- The task:
A faithful copy of all the entries is required, with no pictures in it.

- Records for processing:

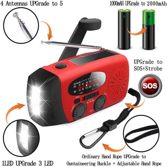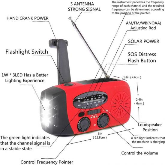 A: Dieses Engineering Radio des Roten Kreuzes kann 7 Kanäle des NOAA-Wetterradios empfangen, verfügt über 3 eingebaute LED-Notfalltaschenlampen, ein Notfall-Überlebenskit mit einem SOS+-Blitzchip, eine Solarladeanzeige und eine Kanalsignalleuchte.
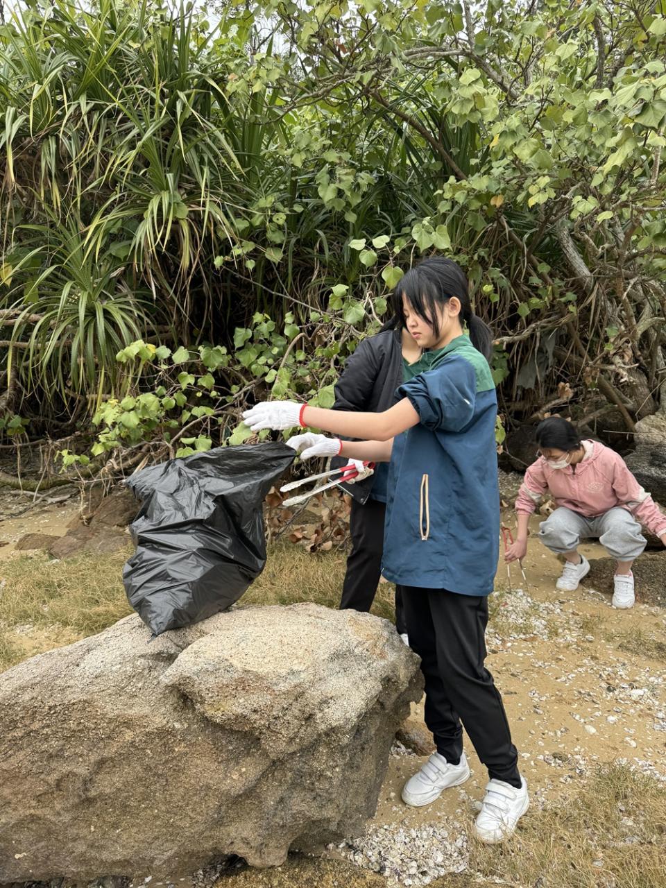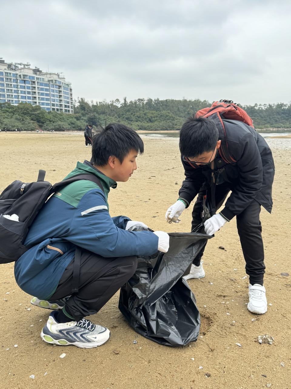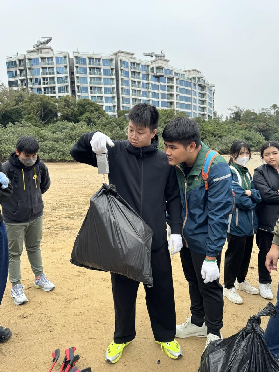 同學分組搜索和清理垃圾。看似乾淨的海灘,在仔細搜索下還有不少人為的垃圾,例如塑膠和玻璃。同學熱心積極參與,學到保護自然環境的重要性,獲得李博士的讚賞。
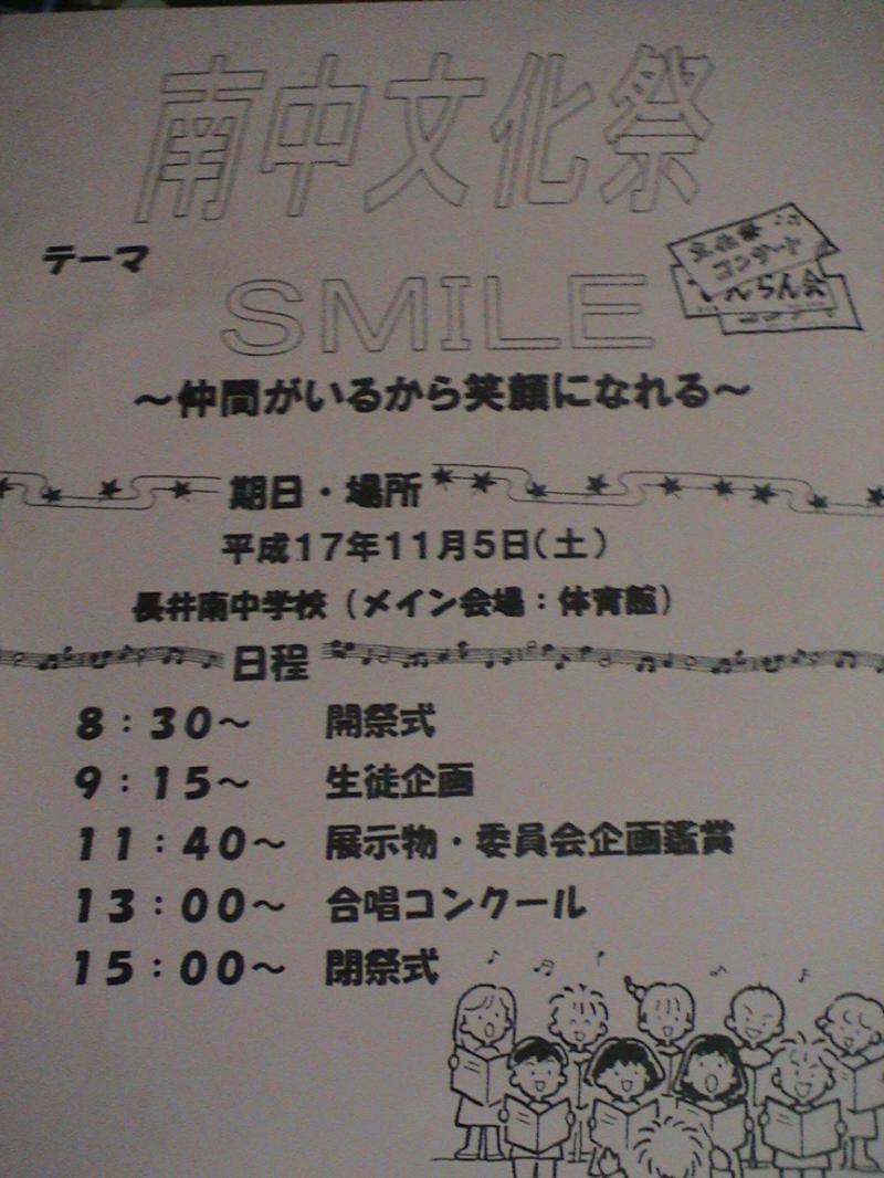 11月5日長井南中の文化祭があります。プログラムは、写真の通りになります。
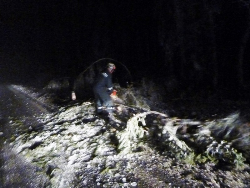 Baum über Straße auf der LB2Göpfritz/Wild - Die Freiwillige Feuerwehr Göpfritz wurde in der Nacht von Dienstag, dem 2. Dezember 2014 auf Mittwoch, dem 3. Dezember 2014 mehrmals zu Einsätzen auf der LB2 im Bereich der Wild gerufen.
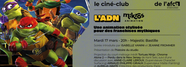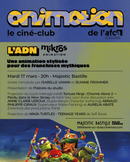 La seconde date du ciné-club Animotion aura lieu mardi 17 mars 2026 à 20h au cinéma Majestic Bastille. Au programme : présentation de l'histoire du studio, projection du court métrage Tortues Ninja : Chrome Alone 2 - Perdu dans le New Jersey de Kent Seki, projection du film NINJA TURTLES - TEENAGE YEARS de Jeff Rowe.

- Output for this exercise:
 A: Dieses Engineering Radio des Roten Kreuzes kann 7 Kanäle des NOAA-Wetterradios empfangen, verfügt über 3 eingebaute LED-Notfalltaschenlampen, ein Notfall-Überlebenskit mit einem SOS+-Blitzchip, eine Solarladeanzeige und eine Kanalsignalleuchte.
 同學分組搜索和清理垃圾。看似乾淨的海灘,在仔細搜索下還有不少人為的垃圾,例如塑膠和玻璃。同學熱心積極參與,學到保護自然環境的重要性,獲得李博士的讚賞。
 11月5日長井南中の文化祭があります。プログラムは、写真の通りになります。
 Baum über Straße auf der LB2Göpfritz/Wild - Die Freiwillige Feuerwehr Göpfritz wurde in der Nacht von Dienstag, dem 2. Dezember 2014 auf Mittwoch, dem 3. Dezember 2014 mehrmals zu Einsätzen auf der LB2 im Bereich der Wild gerufen.
 La seconde date du ciné-club Animotion aura lieu mardi 17 mars 2026 à 20h au cinéma Majestic Bastille. Au programme : présentation de l'histoire du studio, projection du court métrage Tortues Ninja : Chrome Alone 2 - Perdu dans le New Jersey de Kent Seki, projection du film NINJA TURTLES - TEENAGE YEARS de Jeff Rowe.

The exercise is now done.